Kaiepi · 2019-05-25T19:09:10Z

A scalar

lizmat · 2019-05-26T09:07:39Z

Then I think a nqp::p6store will take care of that eventuality.

jnthn · 2019-05-29T23:55:51Z

Before I can continue with my pullreq, there's something that needs to be resolved. Modules in the ecosystem are using feed operators with things that aren't iterable.

My feeling is that any function you feed a value into had better be happy with getting its input as a final extra Iterable argument (presumably a Seq with an underlying iterator that is pulling from a Channel). Or, once we support it, such an argument at insertion point.

If we've things in the ecosystem that don't play well with that - which I don't believe the example given here will - we may need to preserve the existing semantics for 6.d and below, and introduce the new ones for 6.e.PREVIEW and onwards.

The feed operators really didn't get that much attention to date. The implementation before the recent work was very much a case of "first draft", and certainly didn't explore the parallel aspects alluded to in the language design docs. I'd be surprised if we can make them behave usefully going forward without breaking some of the (less thought out, and probably accidental) past behaviors.

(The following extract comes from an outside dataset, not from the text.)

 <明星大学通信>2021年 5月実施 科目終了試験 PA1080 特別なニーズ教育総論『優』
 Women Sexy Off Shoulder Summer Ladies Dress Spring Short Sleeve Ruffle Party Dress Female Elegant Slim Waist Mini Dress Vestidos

jnthn · 2019-05-30T00:18:12Z

Also, some notes on the parallelism model with feed operators: it's quite different from the hyper/race approach.

In the hyper/race case, we take the data, divide it up into batches, and work on it. Where possible, for the sake of locality, we try to push a single batch through many operations, e.g. if you do @source.race.map(&foo).grep(&bar).map(&baz) then we'd send a batch, do the maps/grep in the worker, and send back the resulting values. In this model, the parallelism comes from dividing the input data. The back-pressure here is provided by the final consumer of the pipeline.

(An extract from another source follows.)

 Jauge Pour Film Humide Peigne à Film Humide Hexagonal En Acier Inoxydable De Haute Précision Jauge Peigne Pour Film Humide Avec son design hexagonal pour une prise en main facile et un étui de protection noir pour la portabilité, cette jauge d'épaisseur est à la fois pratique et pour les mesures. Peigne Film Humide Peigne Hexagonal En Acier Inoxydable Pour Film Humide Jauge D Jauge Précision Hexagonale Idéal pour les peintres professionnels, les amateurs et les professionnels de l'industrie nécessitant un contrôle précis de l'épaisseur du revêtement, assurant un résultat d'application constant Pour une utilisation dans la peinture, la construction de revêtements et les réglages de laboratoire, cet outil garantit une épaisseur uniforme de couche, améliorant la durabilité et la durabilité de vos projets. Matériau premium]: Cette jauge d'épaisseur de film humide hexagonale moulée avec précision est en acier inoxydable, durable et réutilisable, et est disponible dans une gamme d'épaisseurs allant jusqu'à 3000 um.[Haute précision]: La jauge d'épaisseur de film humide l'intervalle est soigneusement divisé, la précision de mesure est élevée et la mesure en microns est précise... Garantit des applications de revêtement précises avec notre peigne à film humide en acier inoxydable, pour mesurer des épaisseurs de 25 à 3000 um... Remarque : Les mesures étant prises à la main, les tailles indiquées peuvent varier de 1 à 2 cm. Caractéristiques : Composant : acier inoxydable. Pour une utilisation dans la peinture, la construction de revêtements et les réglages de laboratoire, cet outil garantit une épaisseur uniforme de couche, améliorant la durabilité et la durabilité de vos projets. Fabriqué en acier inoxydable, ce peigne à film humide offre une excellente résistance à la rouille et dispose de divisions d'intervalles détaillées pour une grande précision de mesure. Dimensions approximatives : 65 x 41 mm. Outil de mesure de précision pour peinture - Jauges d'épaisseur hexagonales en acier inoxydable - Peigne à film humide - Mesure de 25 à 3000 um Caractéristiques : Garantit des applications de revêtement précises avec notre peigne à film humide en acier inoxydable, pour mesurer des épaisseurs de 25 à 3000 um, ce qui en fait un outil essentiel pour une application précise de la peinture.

By contrast, the feed model is about a set of steps that execute in parallel. The parallelism is in the stages of the pipeline being run in parallel, not from the data items. It can be seen as a simple case of a Staged Event-Driven Architecture. Since a given state is single-threaded, it may be stateful - whereas if you try and do stateful things in a map block in a hyper/race it's going to be a disaster. The backpressure model here would ideally be that once a queue becomes full, you cannot put anything more into it. One possible solution here would be to make Channel take an optional bound. Then a send into a Channel that is considered full would block, so you can't put more in, meaning a fast stage can't overwhelm a slow one.

One slightly more general problem is that Channel today doesn't really fit our overall concurrency model very well: it blocks a real OS thread when we try and receive from it, whereas in reality we like non-blocking awaiting of things where possible. I mention that here mostly because I think the stages in a pipeline should be spawned on the thread pool scheduler, but it's quite clear that they won't be the best behaved schedulees with Channel as it exists today. Probably we should solve that at the level of Channel, though, so I'd just use Channel between the stages today. It means we get error and completion conveyance, which are easy to get wrong, so I'd rather not have more implementations of those. :-)

Some problems will be better parallelized with hyper/race, some with feed pipelines, but there's also the issue that some things aren't even worth bothering. I fear the ==> operator is especially vulnerable to that: while I don't think too many folks will write .hyper because it looks prettier, they probably will write ==> for that reason. If we magically speed up their programs with parallelism that's great, but there's a decent chance it won't be worth it, and in fact slow things down. That's a tricky problem, and it's also one we'll have to solve for the hyper/race model too. For now, I'd say just do the parallel implementation, and we'll investigate such heuristics and automatic decision making later. I don't think usage of ==> is widespread enough yet for us to really upset anything

Kaiepi · 2019-07-20T23:39:23Z

The parallelization part of this is done, all that's left is support for <<==, ==>>, and *. I have a question regarding how <<== and ==>> should work though:

my @foo = (1, 2, 3);
(4, 5, 6) ==>> @foo ==>> my @bar;
say @bar; # OUTPUT: (1, 2, 3, 4, 5, 6)

What should the value of @foo be after running this? (1, 2, 3, 4, 5, 6) or (4, 5, 6)? I think (4, 5, 6) DWIMs better, but I'm not entirely sure.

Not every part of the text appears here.